Activist Jess Eddy filed a lawsuit against the City of Oklahoma City Monday asking the courts to force body-worn camera footage of recent police shootings released under the Oklahoma Open Records Act.
He believes “the City thinks it’s above the law and doesn’t respect the citizens’ rights to exercise oversight over the government.”
It is a next step in an ongoing effort that began in November when he made seven Open Records requests and then another later that month.
“The City has now had 109 days – three and a half months – to comply with the act
But, City officials say that the current standard for release of officers’ body-worn camera footage is to wait until District Attorney David Prater makes a decision about whether or not to charge an officer in a shooting.
The DA has not made such a decision for the shootings cited in the suit.
“I’ve been concerned by the conduct of Oklahoma City Police Department particularly in 2020, surrounding protests, and then police shootings,” Eddy told Free Press in a video call.
“I submitted open records requests to figure out and find out what’s going on at the police department at the city. And I feel obstructed from getting those records, which are my rights under the law. And I’m frustrated by that.”
“It’s my sentiment, feeling, that the city thinks it’s above the law, and doesn’t respect the citizens rights to exercise oversight over the government, in this case, the police department and the city,” Eddy said.
In an interview with Free Press earlier in the month on February 2, we asked Oklahoma City Manager Craig Freeman about the release of police body-worn camera footage.
He pointed out that the policies they are following were established by the City Council several years ago but that they continue to evaluate what other cities are doing about releasing the videos.
“It’s something that we’re going to continue to evaluate,” said Freeman.
“I think there’s an expectation from the public at some point, too,” Freeman said. “So we’re still evaluating, but right now, our policy or procedure is still to wait until the DA determines charges.

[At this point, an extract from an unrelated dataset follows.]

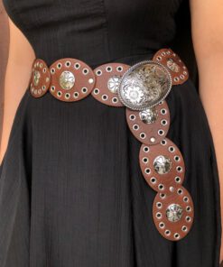 ” Josie ” Western Buckle Disc Belt ( Brown / Silver )
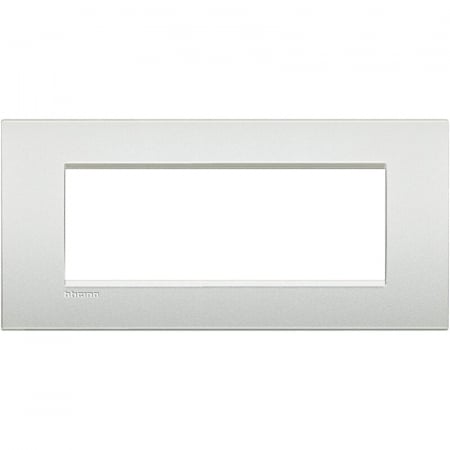Rama ornament de 7 module albă din seria LivingLight de la BTicino, fabricată din termoplastic de înaltă calitate, potrivită pentru montaj încastrat și configurări complexe de prize și întrerupătoare.

And, once they determine, we make sure the family has the opportunity to see it, and then we release it.”
Challenge to practices
In the suit (embedded below) Eddy claims that the City is violating the Oklahoma Open Records Act by withholding requests for footage of Oklahoma City Police body-worn camera footage from incidents where officers have shot and killed individuals.
He has also been seeking the release of body-worn camera footage from several protests in the summer focused on the police killing of George Floyd and others around the country.
The first protest on May 30 started with encounters with police at NW 23rd and Classen and ended in front of the OKCPD Headquarters where police dispersed about 1,000 by shooting tear gas and shotgun bean-bag rounds into the crowd.
After several nights of protest, tensions were reduced when Mayor David Holt intervened to hear protesters’ objections about police treatment during the protests and of the population in general. A curfew that was to start that evening was rescinded by Holt and tensions were reduced significantly.
After more recent events like the shooting of Bennie Edwards, more demands for the release of body-worn camera footage have increased along with tensions when it has not been.
The suit also cites certain other practices of the City Counselor’s office where Eddy believes excessive redaction of emails and messages have occurred.
Eddy is also asking the court to rule on what he believes are unnecessary and unreasonable redactions to released materials that do little to help the public understand how the City is making decisions and treating its residents.
He included several examples of redactions as exhibits where he believes the City has either not cited why the redactions were made or where they have forwarded emails where the entire body of the email was redacted.